Immigration visas to USA under certain categories take as long as 8 years to come through. Mine happened in 6 years.

Several times during the past 6 years, I have even seen a slight sneer in peoples’ tones and voices when they used to talk about the whole ‘Oh! You are eventually going to the USA’ business.

I mean, hey, I understand. This is the way things work in the world. And there is nothing I can do to change things.

And so this time, I didn’t breathe a word to anyone. Only 3-4 close friends knew of this – one was the husband-wife duo with whom I was staying whenever I had to go to Mumbai. One was my student-friend who was giving me Reiki. And no one else would’ve guessed.

So when I came back on the evening of the 31st of December and SMSed everyone, most people were shocked. No one was expecting this news.

Ah. Well.

I know a new life awaits me – there will be some certain challenges as well – I can foresee some, and some I will come to know when I go there.

I spent as much time as I could meeting up with all the good friends of mine – those who bothered to come down and meet me anyways…

At this moment, I am feeling so emotional and sentimental, it’s not funny.

And in the midst of all this hullabaloo, I discovered that I had misplaced my graduation mark sheets.

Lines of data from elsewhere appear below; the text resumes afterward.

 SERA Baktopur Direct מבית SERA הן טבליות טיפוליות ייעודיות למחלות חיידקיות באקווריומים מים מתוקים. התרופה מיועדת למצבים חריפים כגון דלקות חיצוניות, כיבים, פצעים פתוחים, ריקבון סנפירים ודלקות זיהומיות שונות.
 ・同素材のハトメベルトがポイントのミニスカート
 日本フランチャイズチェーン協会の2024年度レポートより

I got PK to call up D and I called up her friend to see if they had the documents by any chance. Of course, the friend denied having it – perhaps she didn’t. D refused to help out. So I did what I had to do – I prayed to Meher Baba – asked him to make sure that if someone had those documents, then they would return them to me, and then, in the meantime, I went to the University and applied for a duplicate set of mark sheets.

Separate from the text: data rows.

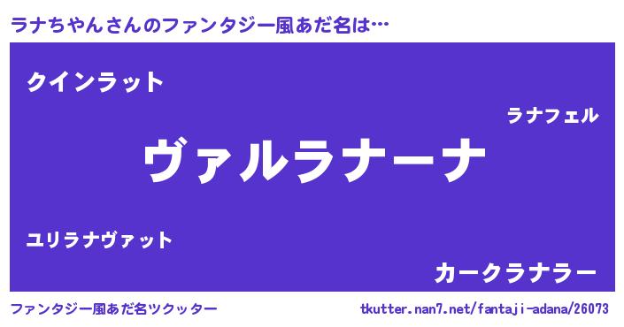 | 男性向けラノベタイトル風あだ名 | 『この素晴らしい世界にラナちやんを!』 |
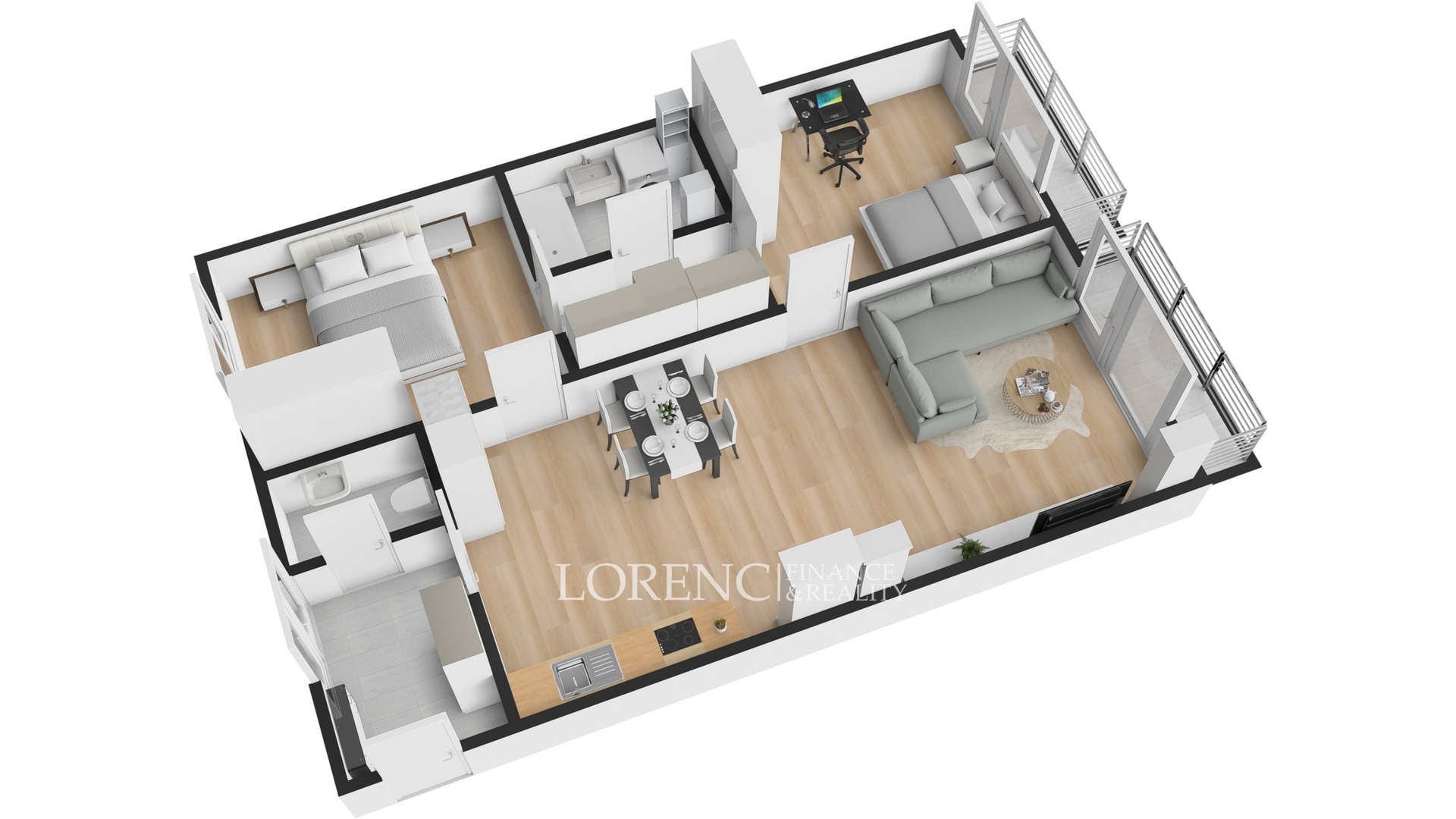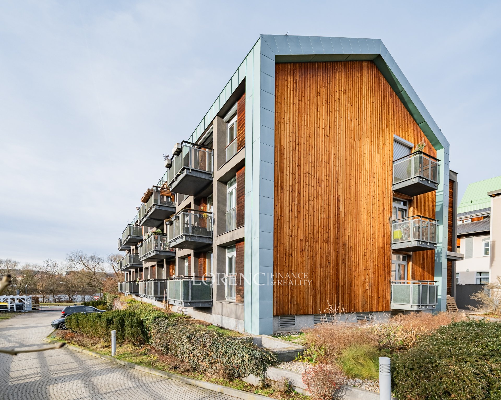 Z obývacího pokoje i dětského pokoje je vstup na dva samostatné balkony (každý 3,5 m²), oba orientované na jih, ideální pro ranní kávu i večerní relax.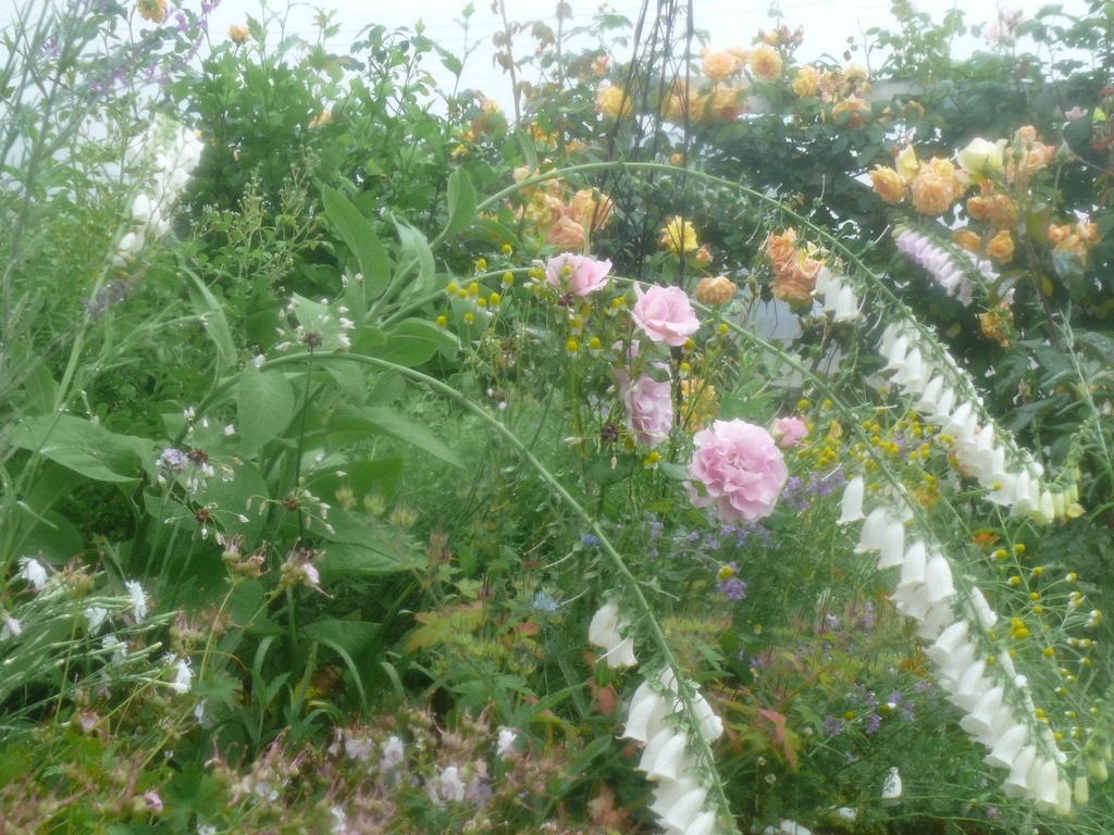 元気に伸びてたジキタリスも霧&雨でお辞儀状態、でもこの弓なりも2011年度の立派な自分の庭風景と思い撮影。案外よくない?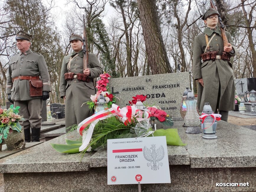 Powstaniec Franciszek Drozda z Armią Wielkopolską przeszedł cały szlak bojowy. Brał udział w wyprawie kijowskiej, bitwie warszawskiej i kontrofensywie z sierpnia 1920 roku. Ostatnie lata życia spędził w Kiełczewie, a pochowany jest na cmentarzu komunalnym w Kościanie. Od 11 marca jego grób oznaczony okolicznościową tablicą. Społecznicy i samorządowcy przypominają w ten sposób o historii i jej bohaterach. Takie tabliczki ustawiane są na cmentarzach miasta i gminy Kościan od dekady.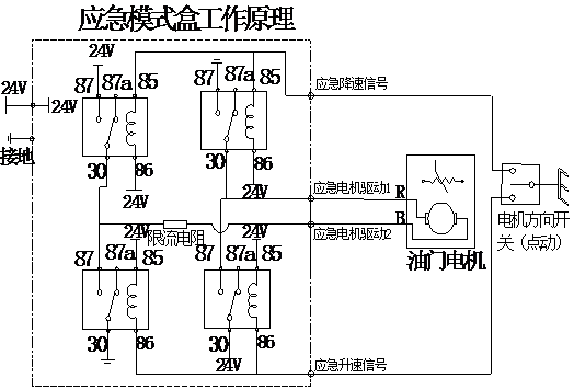 (1)上電時點動電機方向開關(guān),用萬用表檢測油門電機驅(qū)動線(38#、39#)是否有24V電壓輸出,如有電壓請檢查油門電機如油門電機壞請更換。如沒有電壓輸出請分段檢測線束及接插件,線束是否有破損短路現(xiàn)象,接插件是否有接觸不良的現(xiàn)象,如線束和接插件都完好,請進行下一步。 (2)在駕駛室座位底下打開電氣控制板,點動電機方向開關(guān)聽?wèi)?yīng)急模式盒內(nèi)是否有“滴答、滴答”繼電器吸合的聲音,若吸合但沒有24V輸出請更換應(yīng)急模式盒。 (3)若使用應(yīng)急模式時油門電機不能驅(qū)動到最大轉(zhuǎn)速,請檢查油門電機是否有卡死現(xiàn)象不能驅(qū)動到最高轉(zhuǎn)速,如電機完好請檢查應(yīng)急模式盒內(nèi)限流電阻(28歐姆)是否阻值過大不能驅(qū)動電機到最高轉(zhuǎn)速,如遇到該情況請聯(lián)系相關(guān)技術(shù)服務(wù)處。 相關(guān)應(yīng)急模式盒原理圖: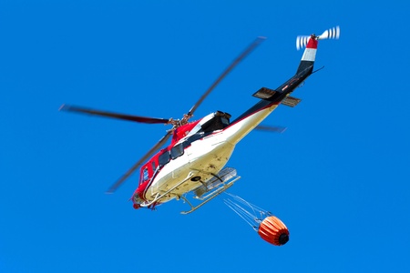 emergency helicopter extinguishes flames of a raging bush fire

Then I went on with my life.

On the Saturday just gone, D calls up PK and tells him that she has the mark sheets, and she wants him to come pick them up from her. She had come down to Pune for some work and she dropped them off for him. He got them, and brought them over to my place.

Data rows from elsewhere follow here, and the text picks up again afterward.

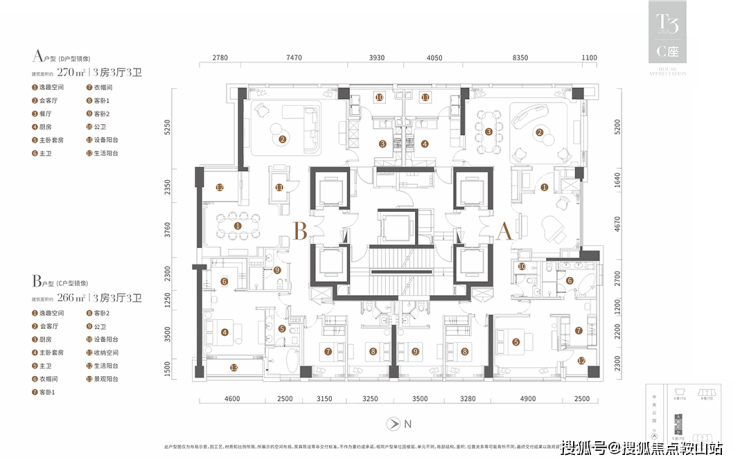 T1栋则是更加奢华的3梯1户(一层只有一户),533-540㎡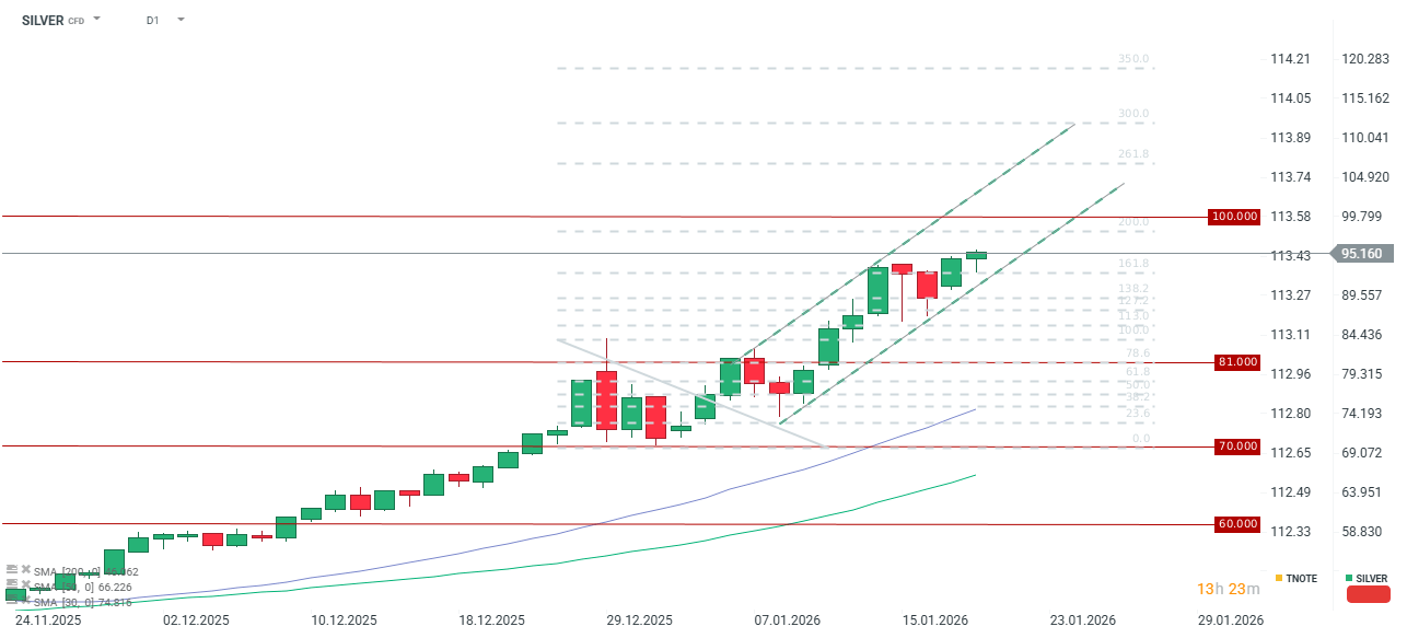 Vzhledem k tomu, že stříbro dosahuje rekordních hodnot, ceny na burze COMEX se přibližují úrovni 100 USD, k dosažení této hranice tedy chybí pouze 5 %. Krátkodobá podpora se ustálila na úrovni 87 USD. Zdroj: xStation5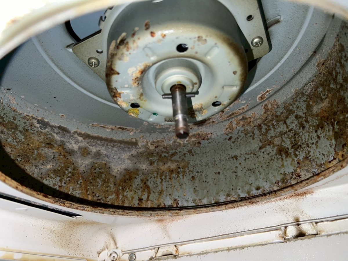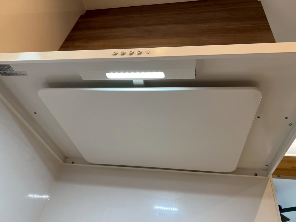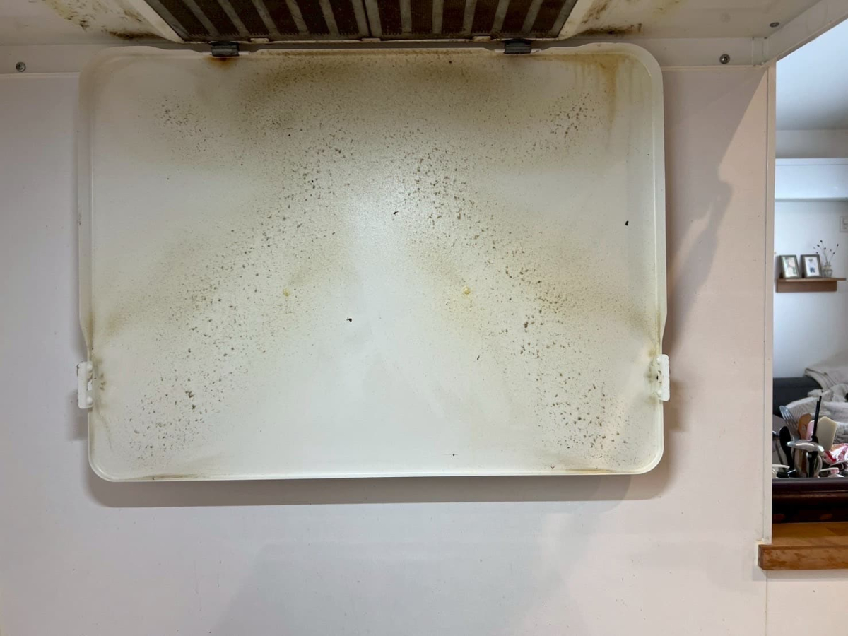 きれいな白色のレンジフードでしたが油がついて残念なことに・・

So the next day, I messaged D and thanked her for caring enough to return the documents to me.

I guess deep down inside, neither of us wants to really go out of the way to hurt each other. But then D and I never really worked that way. Some of her books and stuff were with me, and when I discovered that, I had simply returned them to her. So I guess, when she discovered that she had my documents, she returned them to me. It happens.

So now, all my accounts are closed – Karmic and otherwise…am going to leave the country of my birth and go live in a strange land where it snows all the time – I don’t know when I can ever stand in the sunlight the way I do right now – and am going into a totally different culture: In short am going into the UNKNOWN.

But you know what, I am not getting anxious or worried – because that has never solved my problem.

What I am getting is emotional and sentimental.

Here is a list of things that I will actually miss: This place – this house, the people, the circle of friends, the whole ‘hanging out at Prems’, my group of Tarot students, some good clients who have become friends over a period of time, spending time watching silly Hindi movies at the mall, getting stuck in a traffic jam and hurling abuses in Hindi, Marathi and English at the other person, singing along (loudly) to Hindi songs anywhere and everywhere with friends, SMOKING, just picking up the phone and calling my friends over for chai – or going over to their place for chai – or meeting up without any damn reason and having chai, gossiping about this and that, the seasons and the festivals and the fun that they brought along with them, INDIA – my Motherland, the smell of the earth just before it rains, the smell of the raatrani flowers in my lane when we used to walk down in the night, NALU – My maid and my home-management-support-system…..the list will just go on and on and will probably not end so soon….

32 years in a country, and poof, it is all set to change.

I guess, this is the way of it. A chapter ends. A new chapter begins.